----- DATA FOR REVIEW -----

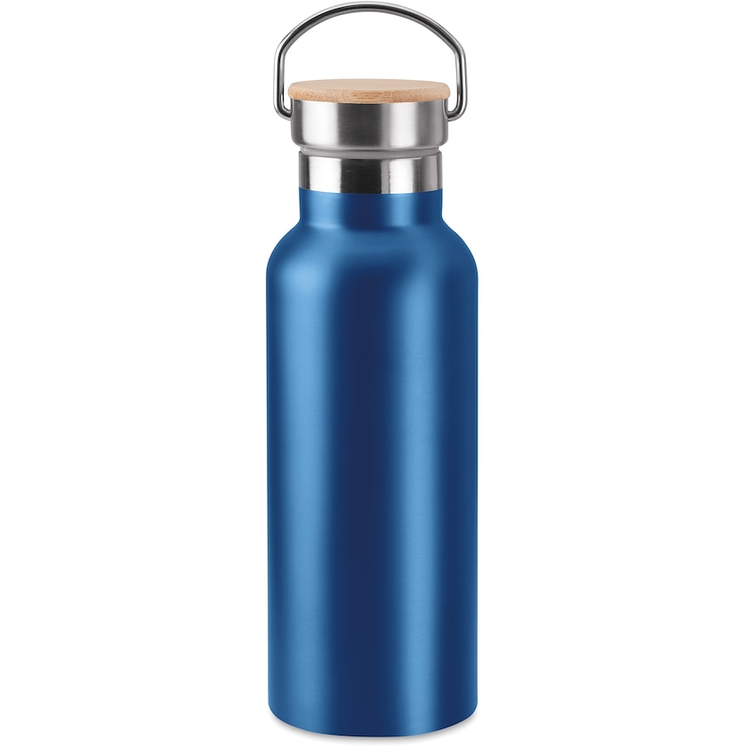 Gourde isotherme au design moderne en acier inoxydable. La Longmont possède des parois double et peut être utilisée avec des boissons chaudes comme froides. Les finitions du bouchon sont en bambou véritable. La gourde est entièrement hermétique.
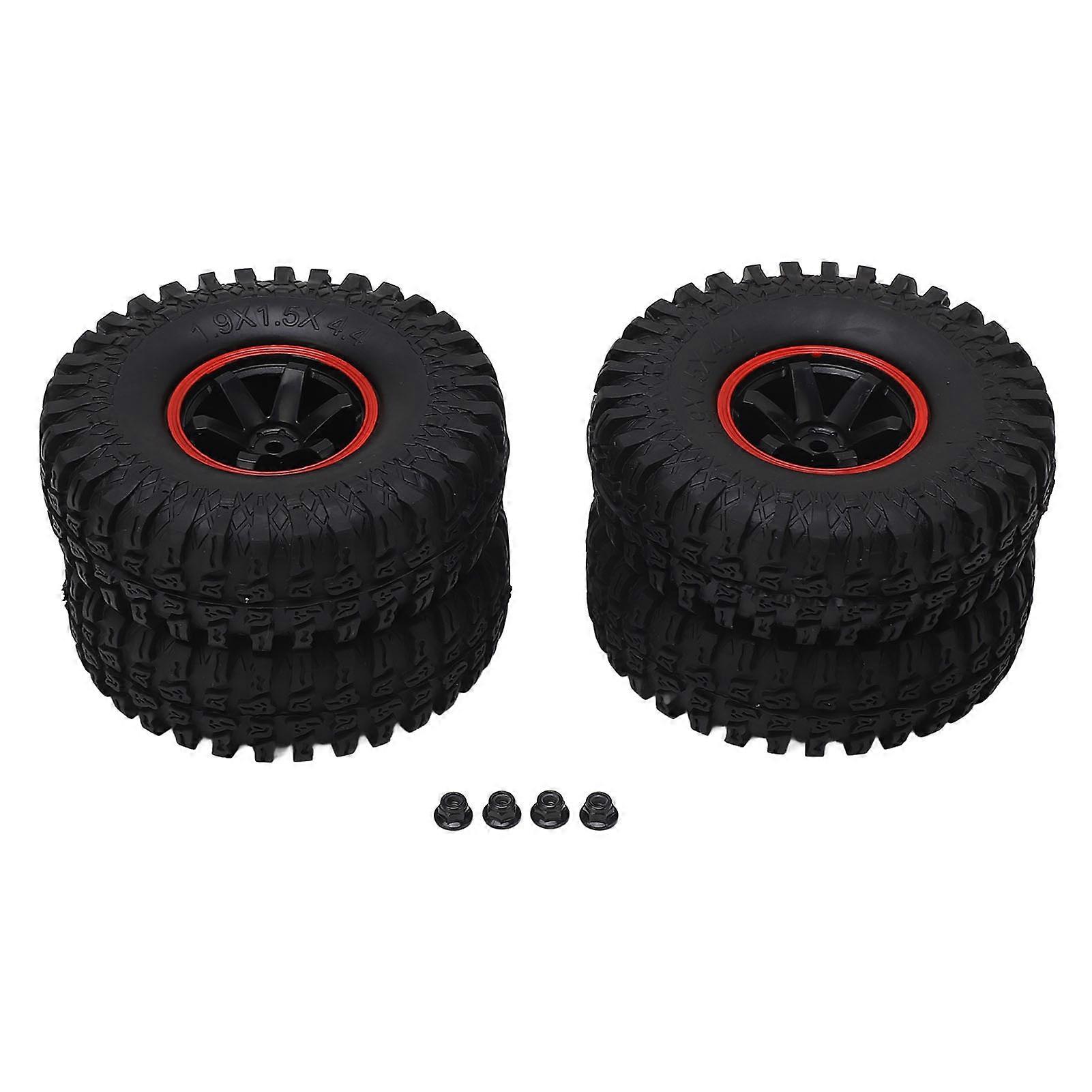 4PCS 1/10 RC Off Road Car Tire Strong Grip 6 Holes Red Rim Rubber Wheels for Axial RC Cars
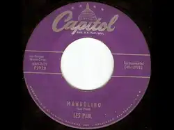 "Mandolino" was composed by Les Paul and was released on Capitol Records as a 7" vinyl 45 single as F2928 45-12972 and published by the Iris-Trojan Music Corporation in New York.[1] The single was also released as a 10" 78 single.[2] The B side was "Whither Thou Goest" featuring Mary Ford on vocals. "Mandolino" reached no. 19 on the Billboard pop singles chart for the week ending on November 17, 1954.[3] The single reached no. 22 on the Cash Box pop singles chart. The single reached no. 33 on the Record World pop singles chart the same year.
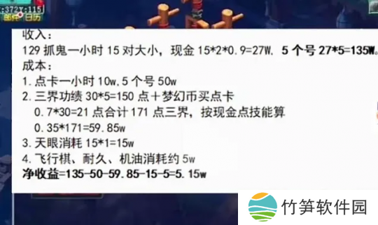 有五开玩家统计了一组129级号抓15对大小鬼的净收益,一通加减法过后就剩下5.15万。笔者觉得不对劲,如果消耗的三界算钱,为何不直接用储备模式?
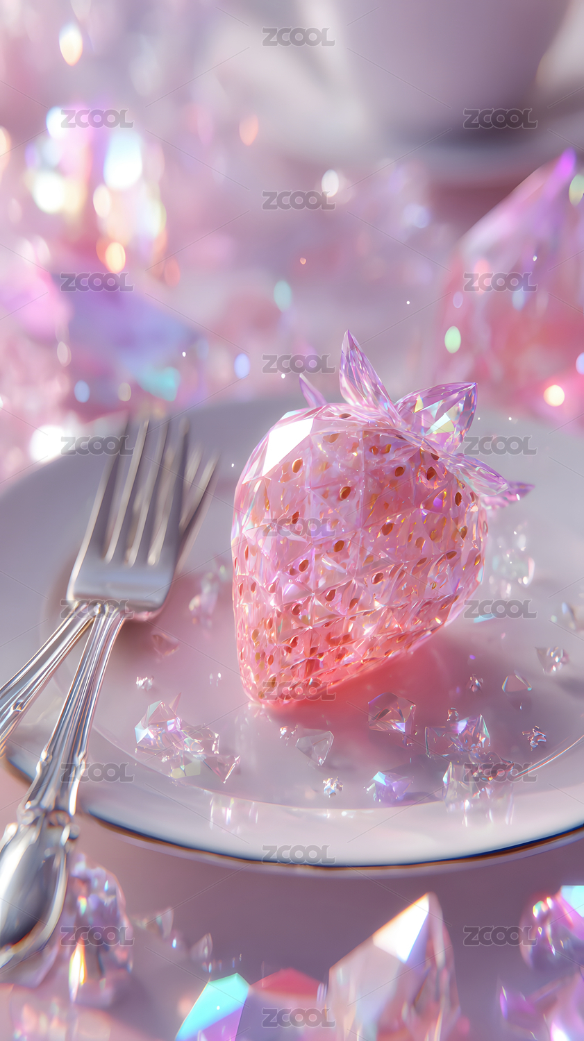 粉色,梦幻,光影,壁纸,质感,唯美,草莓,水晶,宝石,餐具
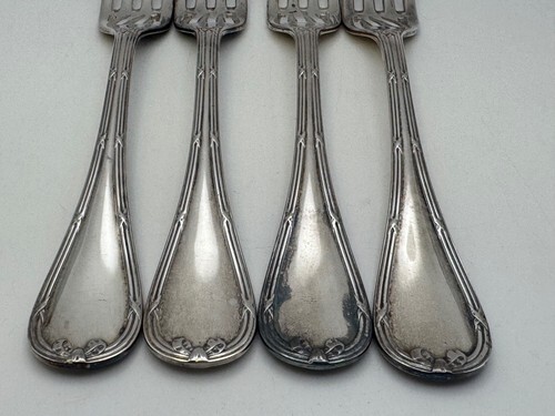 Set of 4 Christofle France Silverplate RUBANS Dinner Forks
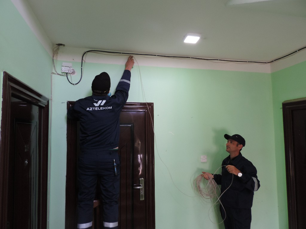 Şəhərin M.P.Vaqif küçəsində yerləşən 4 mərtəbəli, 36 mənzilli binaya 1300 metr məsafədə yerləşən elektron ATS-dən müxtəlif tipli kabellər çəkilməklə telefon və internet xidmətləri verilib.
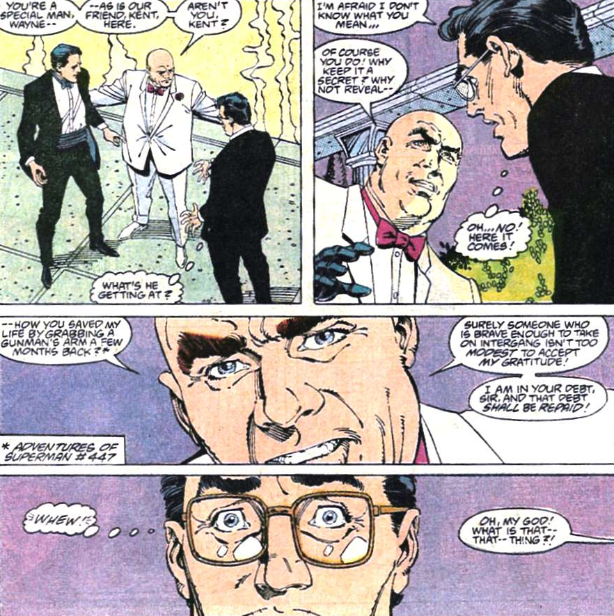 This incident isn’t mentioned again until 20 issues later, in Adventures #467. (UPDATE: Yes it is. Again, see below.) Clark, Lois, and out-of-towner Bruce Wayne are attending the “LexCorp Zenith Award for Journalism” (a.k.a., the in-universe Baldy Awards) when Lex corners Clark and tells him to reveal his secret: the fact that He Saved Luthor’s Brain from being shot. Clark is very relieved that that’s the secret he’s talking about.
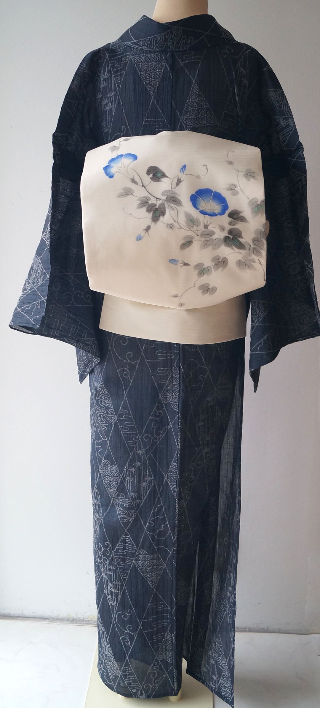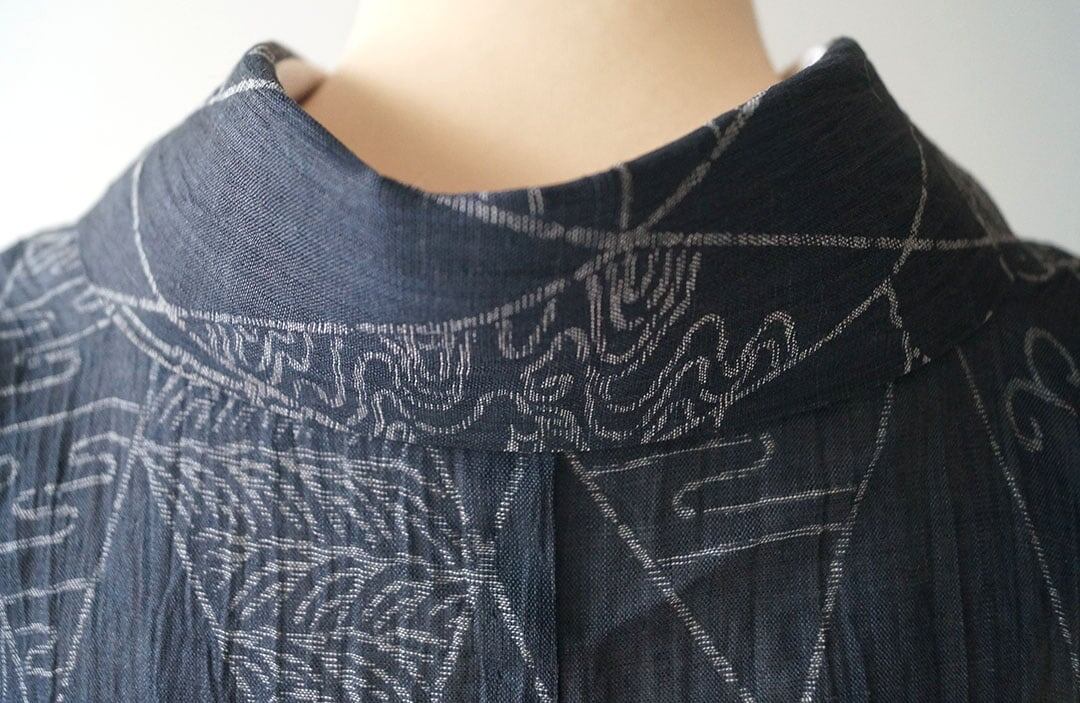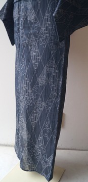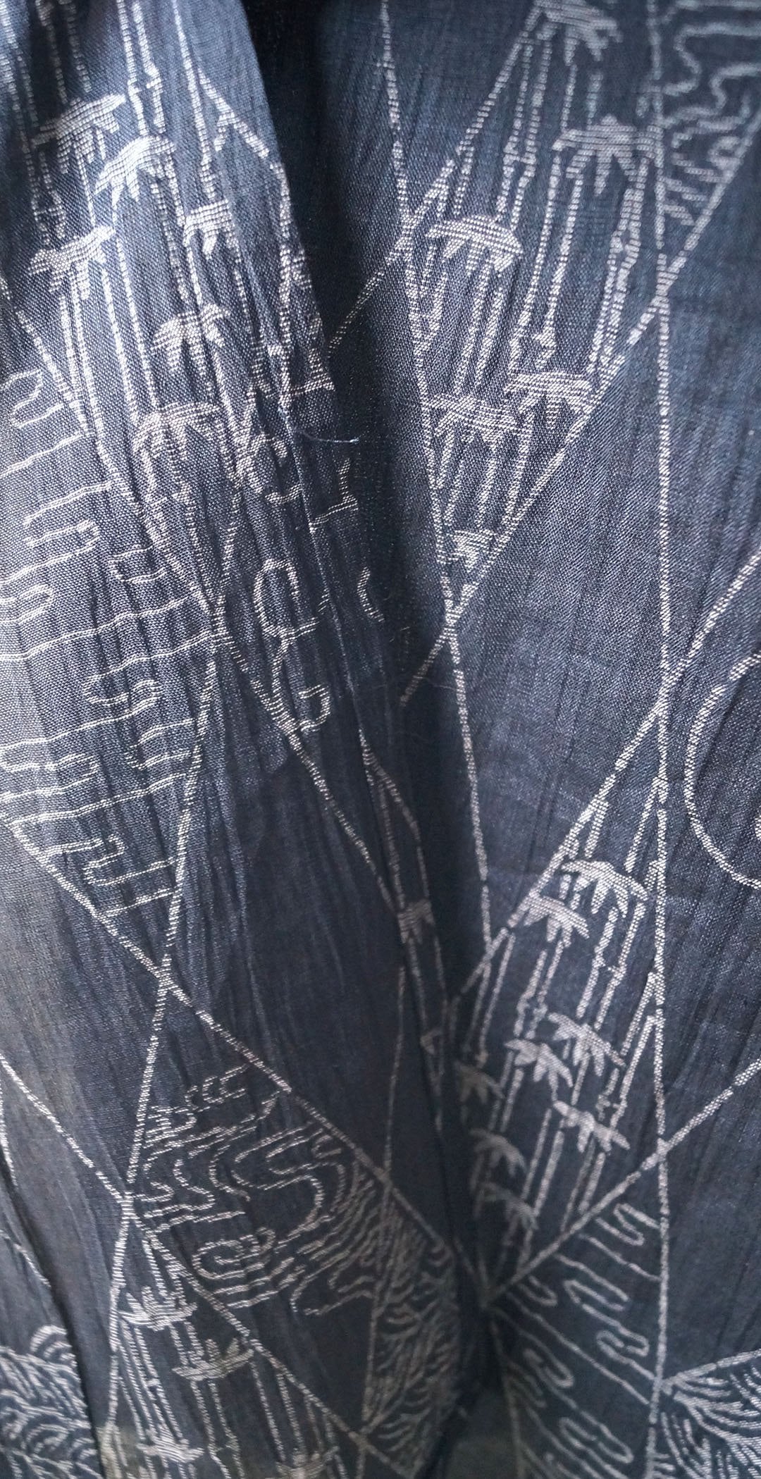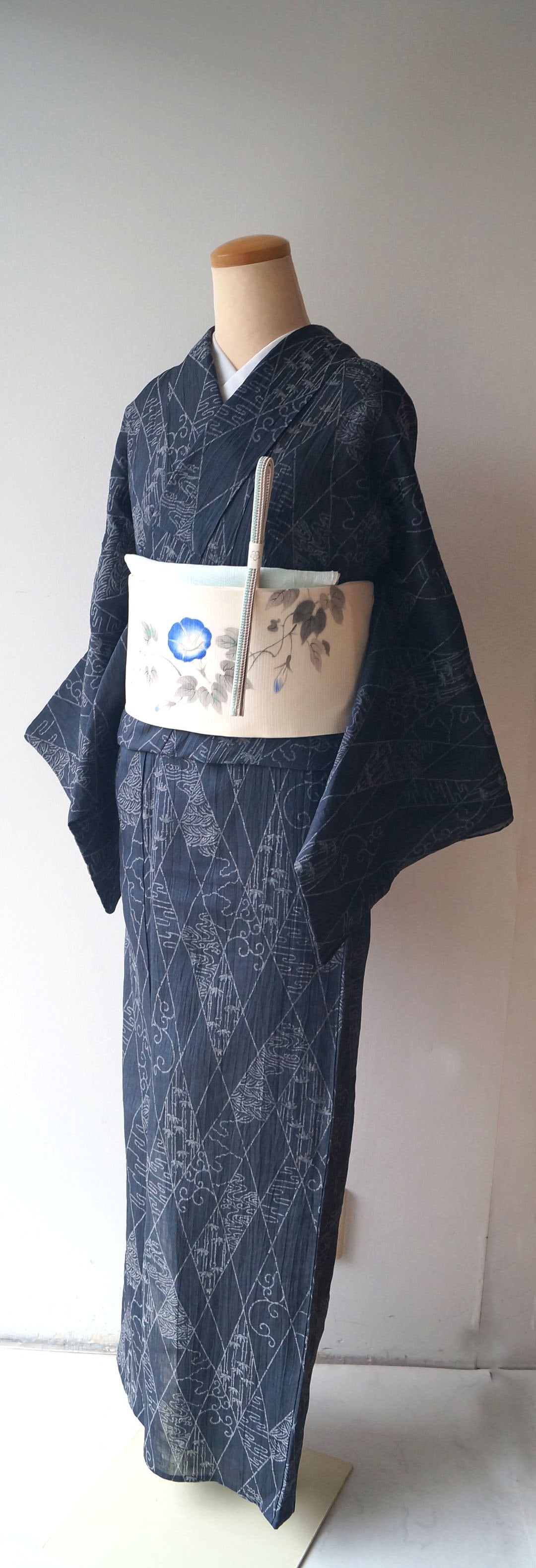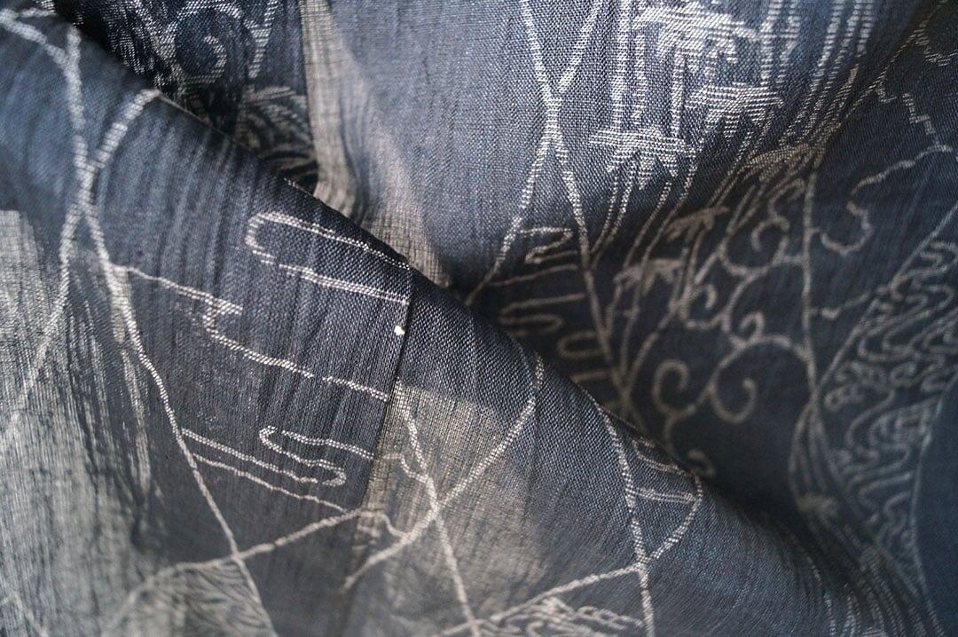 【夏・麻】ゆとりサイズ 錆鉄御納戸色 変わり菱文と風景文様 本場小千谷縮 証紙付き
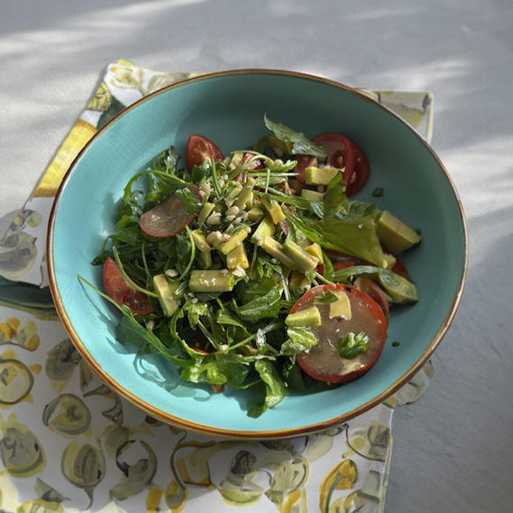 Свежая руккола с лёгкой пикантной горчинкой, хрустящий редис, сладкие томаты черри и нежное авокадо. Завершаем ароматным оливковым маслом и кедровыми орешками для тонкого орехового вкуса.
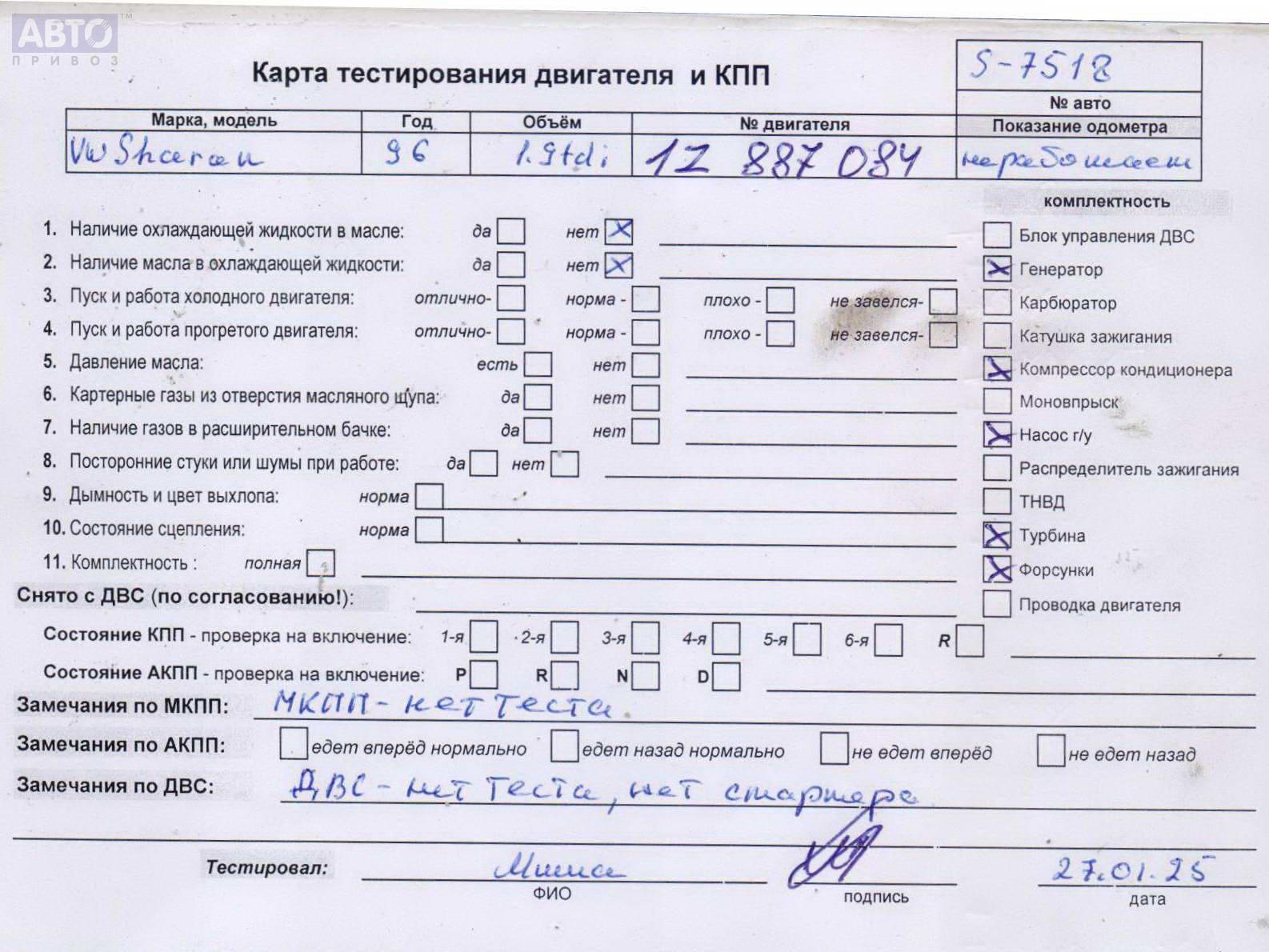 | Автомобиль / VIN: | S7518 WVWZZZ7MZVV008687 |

-----

#### PROBLEM STATEMENT
Copy the lines above exactly, starting at the one with "Set of 4 Christofle" and ending at the one with "Şəhərin M.P.Vaqif küçəsində", both included. Leave out any pictures and add nothing else.

#### ANSWER FOR THIS EXERCISE
 Set of 4 Christofle France Silverplate RUBANS Dinner Forks
 Şəhərin M.P.Vaqif küçəsində yerləşən 4 mərtəbəli, 36 mənzilli binaya 1300 metr məsafədə yerləşən elektron ATS-dən müxtəlif tipli kabellər çəkilməklə telefon və internet xidmətləri verilib.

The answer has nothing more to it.